» **Raw data**:
%%
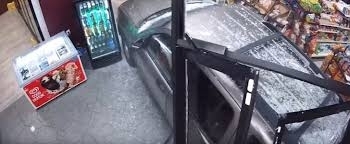 Камера за видеонаблюдение е запечатала как жена влезе с кросоувъра си в магазин за алкохол в Мускиджън Хейтс, Мичиган.
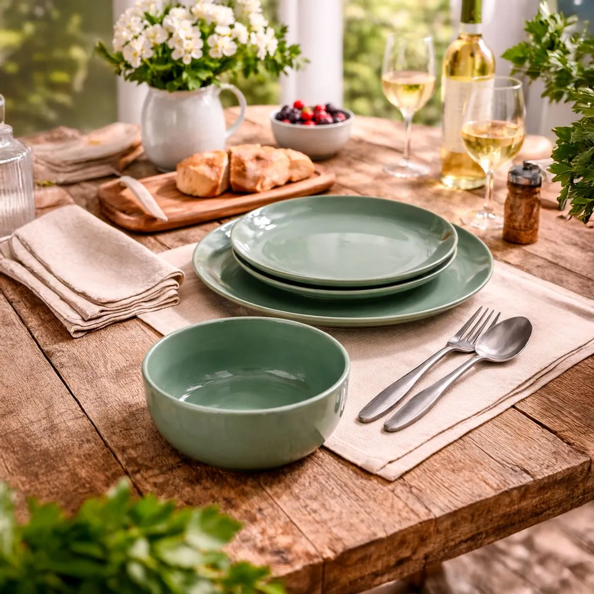 Juego de Vajilla Verde Militar de Loza 18 Piezas
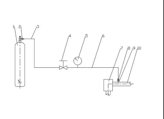 (2)試驗前應先進行預試驗,先將針型閥打開,再緩慢打開氮氣瓶,同時觀察壓力表5的變化情況,當壓力值上升到0.2MPa時,關閉氮氣瓶和針型閥,檢查每個焊接處與螺紋接口處是否有泄漏,如有泄漏,應修復后方可繼續(xù)向管道內(nèi)充氣試壓。
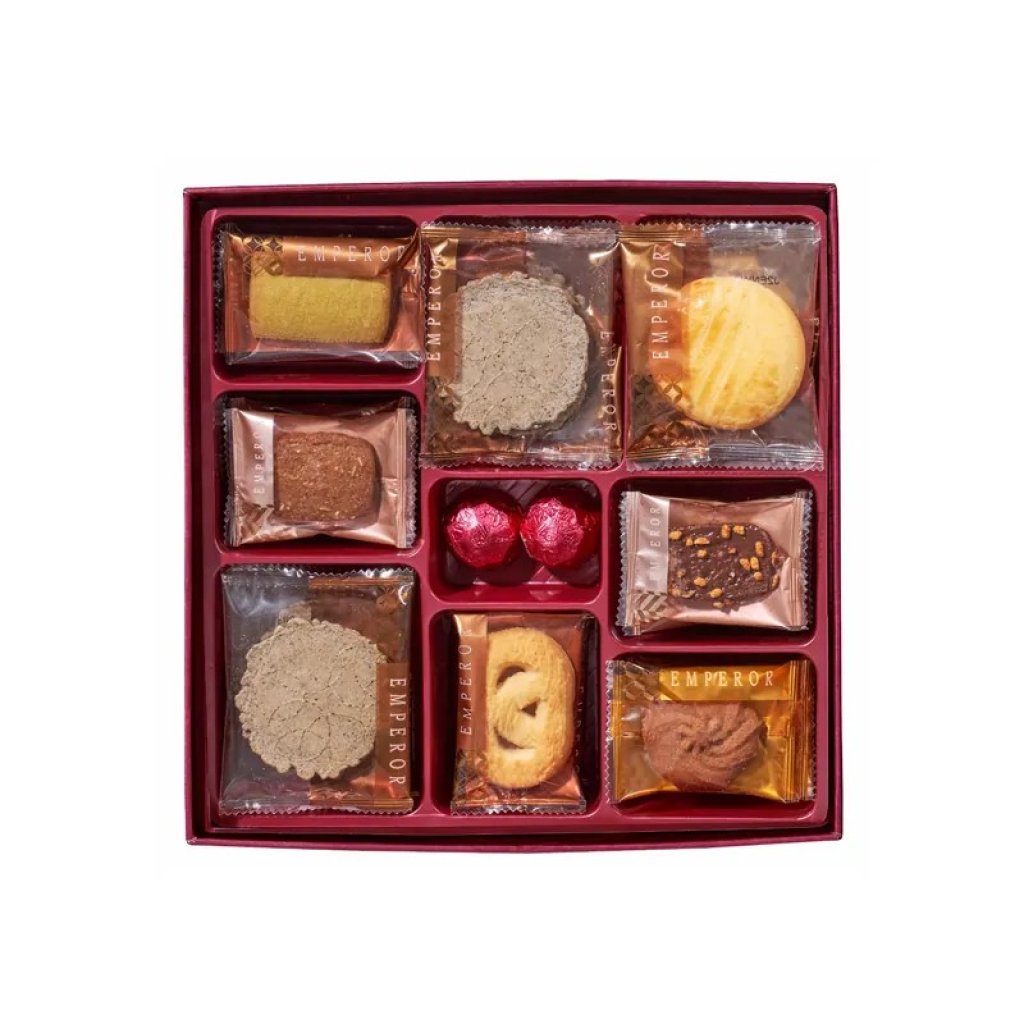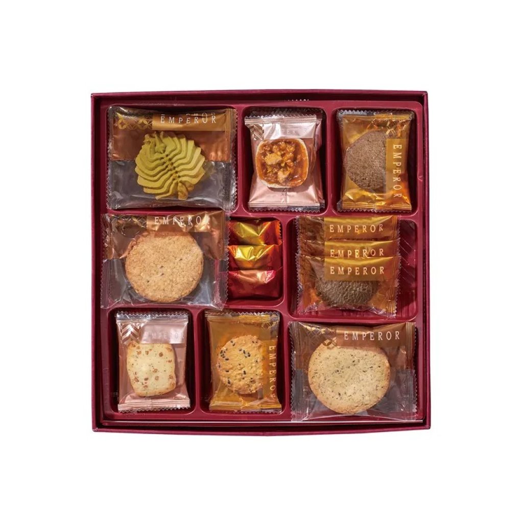 下層:葉形抹茶曲奇 x 3, 咖喱酥 x 3, 無糖黃金全麥曲奇 x 2, 烏龍茶曲奇 x 8, 玄米茶曲奇 x 4, 芝麻曲奇 x 4, 全麥柑橘曲奇 x 3, 香濃牛奶太妃糖 x 3
%%
» **Exercise requirements**: Without the pictures, reproduce each line from the one containing "Juego de Vajilla" through the last line of the material above, both of those lines included.

» **Exercise result**:
 Juego de Vajilla Verde Militar de Loza 18 Piezas
 (2)試驗前應先進行預試驗,先將針型閥打開,再緩慢打開氮氣瓶,同時觀察壓力表5的變化情況,當壓力值上升到0.2MPa時,關閉氮氣瓶和針型閥,檢查每個焊接處與螺紋接口處是否有泄漏,如有泄漏,應修復后方可繼續(xù)向管道內(nèi)充氣試壓。
 下層:葉形抹茶曲奇 x 3, 咖喱酥 x 3, 無糖黃金全麥曲奇 x 2, 烏龍茶曲奇 x 8, 玄米茶曲奇 x 4, 芝麻曲奇 x 4, 全麥柑橘曲奇 x 3, 香濃牛奶太妃糖 x 3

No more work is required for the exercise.